Dalfampridine Utilization and Efficacy Assessment in Clinical Practice
Two phase 3 trials showed approximately 35% of patients receiving dalfampridine were Timed 25 Foot Walk (T25FW) responders, with average improvement in walking speed of 25%. We examined if T25FW response rate and magnitude differ in clinical practice.
To assess utilization of dalfampridine and magnitude of walking speed improvement in clinical practice.
Single-center retrospective study evaluating all patients for whom dalfampridine was prescribed since approval, from March 2010 through August 2013. Inclusion criteria for T25FW analyses: diagnosis of MS, dalfampridine treatment ≥ 3 months, and minimum of two T25FW measurements within one year pre- and post- treatment. Descriptive statistics were used for cohort characterization. Logistic regression was used to assess mean pre-T25FW time as a predictor of response.
Chart review identified 221 intention-to-treat (ITT) patients. Dalfampridine was shipped to 174 (78.7%), twelve of whom never began therapy. Thirty patients (13.5%) discontinued dalfampridine in < 3 months due to lack of subjective benefit. 67 patients (30.5%) had insufficient visits or documentation during the time window, and 6 patients (2.7%) were non-ambulatory at baseline. Fifty-three patients (23.9%) met our inclusion criteria for walking speed analysis, with mean T25FW of 9.5 seconds (range 3.8 to 66.3).
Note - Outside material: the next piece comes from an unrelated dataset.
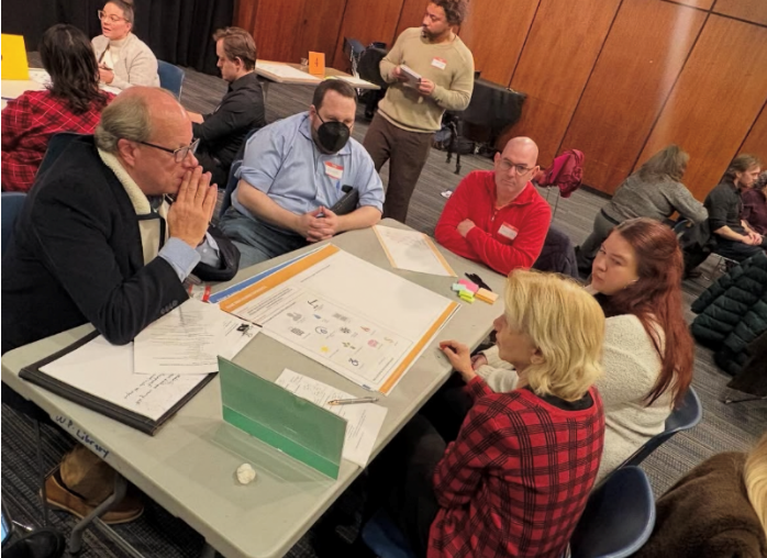 John Fry, AIA, Senator Shelley B. Mayer and community members at a breakout table

Twenty-nine of these patients (56.9%) showed improvement in T25FW speed, and 24 (53.8%) showed none. In 10 patients (18.9%), the T25FW improvement was < 10%. Eleven patients (20.8%) improved between 10 - 20%. Only 8 patients (15.1%) achieved a clinically meaningful threshold of > 20% improvement, comprising 3.6% of the 221 patients in the ITT population. Despite this, 47 of the 53 (88.7%) continued therapy at last point of follow up.
Mean baseline T25FW time was not a statistically significant clinical predictor for response to dalfampridine, controlling for age, gender and type of MS (p = .815).
Our real world cohort demonstrated a lower rate and magnitude of T25FW improvement than was seen in clinical trials. Given that only a small minority of patients who continued on dalfampridine showed a clinically meaningful T25FW improvement, the T25FW may be an insensitive measure of actual therapeutic response to dalfampridine. Pretreatment walking speed was not a clinical predictor of response to dalfampridine, suggesting that investigation of paraclinical measures may be of use.